Keywords occur in frequencies ranging from 1 to 2170. We do not have any use for keywords that occur only once. Therefore, these can be safely removed. 

Finally, we will convert every word to its stem so that words such as *Dogs* and *Dog* are considered the same.

In [None]:
s = s[s >= 2]

In [None]:
stemmer = SnowballStemmer('english')
stemmer.stem('dogs')

In [None]:
def filter_keywords(x):
    words = []
    for i in x:
        if i in s:
            words.append(i)
    return words

In [None]:
small_data1['keywords'] = small_data1['keywords'].apply(filter_keywords)
small_data1['keywords'] = small_data1['keywords'].apply(lambda x: [stemmer.stem(i) for i in x])
small_data1['keywords'] = small_data1['keywords'].apply(lambda x: [str.lower(i.replace(" ", "")) for i in x])

In [None]:
small_data1['combination'] = small_data1['keywords'] + small_data1['cast'] + small_data1['director'] + small_data1['genres']
small_data1['combination'] = small_data1['combination'].apply(lambda x: ' '.join(x))

In [None]:
from tmdbv3api import TMDb
import json
import requests
tmdb = TMDb()
tmdb.api_key = '68b8a37c9ca19b233cc057643bfbb9eb'
from tmdbv3api import Movie
tmdb_movie = Movie()
def get_poster(x):
    response = requests.get('https://api.themoviedb.org/3/movie/{}?api_key={}'.format(x,tmdb.api_key))
    if response.status_code==200:
        data_json = response.json()
        if data_json['poster_path']:
            poster_str = 'https://image.tmdb.org/t/p/w500'+data_json['poster_path']
            return poster_str
        else:
            return 'static/default.jpg'
    return 'static/default.jpg'

In [None]:
#taking only useful columns into consideration.
small_data1.columns
small_data1=small_data1[['id','original_title','release_date','title','vote_average','combination']]
small_data1

In [None]:
count = CountVectorizer(analyzer='word',ngram_range=(1, 2),min_df=0, stop_words='english')
count_matrix = count.fit_transform(small_data1['combination'])

In [None]:
cosine_sim = cosine_similarity(count_matrix, count_matrix)

In [None]:
small_data1 = small_data1.reset_index()
titles = small_data1['title']
indices = pd.Series(small_data1.index, index=small_data1['title'])

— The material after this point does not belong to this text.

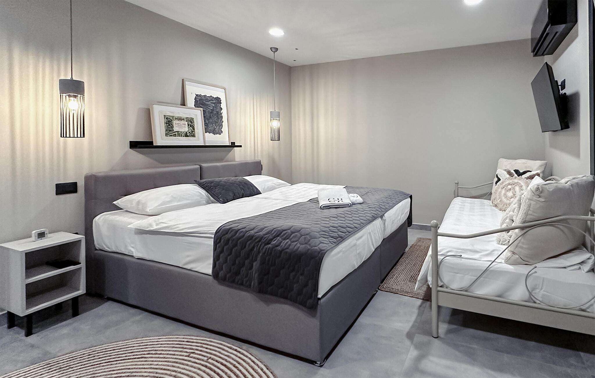 Der er en ekstra seng i kælderen. Værelset på første sal har direkte adgang til den udendørs terrasse, hvorfra I kan nyde det udendørs spabad til fem personer.

**We will be apply get_poster function to small chunks of our small_data1 dataset this will help us to remove the Connection Reset error if we used get_poster function on whole dataset.**

Now why to apply get_poster function to whole dataset we can also apply it to recommended movies also?
We did this to save time to get recommendations of a movie.,if we applied get_poster only for recommended movies it would take up lot of time.

In [None]:
small_data1['poster']=np.nan
for i in range(2000):
    small_data1['poster'][i]=get_poster(small_data1['id'][i])

In [None]:
for i in range(2000,4000):
    small_data1['poster'][i]=get_poster(small_data1['id'][i])

In [None]:
for i in range(4000,7000):
    small_data1['poster'][i]=get_poster(small_data1['id'][i])

In [None]:
for i in range(7000,9219):
    small_data1['poster'][i]=get_poster(small_data1['id'][i])

In [None]:
def get_recommendations1(title):
    idx = indices[title]
    sim_scores = list(enumerate(cosine_sim[idx]))
    try:
        sim_scores = sorted(sim_scores, key=lambda x: x[1], reverse=True)
    except:
        sim_scores = sorted(sim_scores, key=lambda x: x[1][1], reverse=True)  
    sim_scores = sim_scores[1:11]
    movie_indices = [i[0] for i in sim_scores]
    tit = small_data1['title'].iloc[movie_indices]
    dat = small_data1['release_date'].iloc[movie_indices]
    rating = small_data1['vote_average'].iloc[movie_indices]
    movieid=small_data1['id'].iloc[movie_indices]
    org_title=small_data1['original_title'].iloc[movie_indices]
    poster=small_data1['poster'].iloc[movie_indices]
    
    
    return_df = pd.DataFrame(columns=['Title','Year'])
    return_df['Title'] = tit
    return_df['Year'] = dat
    return_df['Ratings'] = rating
    return_df['ID']=movieid
    return_df['org_title']=org_title
    return_df['poster'] =poster
    sorted_df = return_df.sort_values(by=['Ratings'], ascending=False)
    return sorted_df

In [None]:
get_recommendations1("The Dark Knight")

In [None]:
# The pickle module implements binary protocols for serializing and de-serializing a Python object structure.
import pickle
filename = 'movie_list.pkl'
pickle.dump(small_data1, open(filename, 'wb'))

#  We find this recommender system quite good and will be using to to recommend movies on our web application.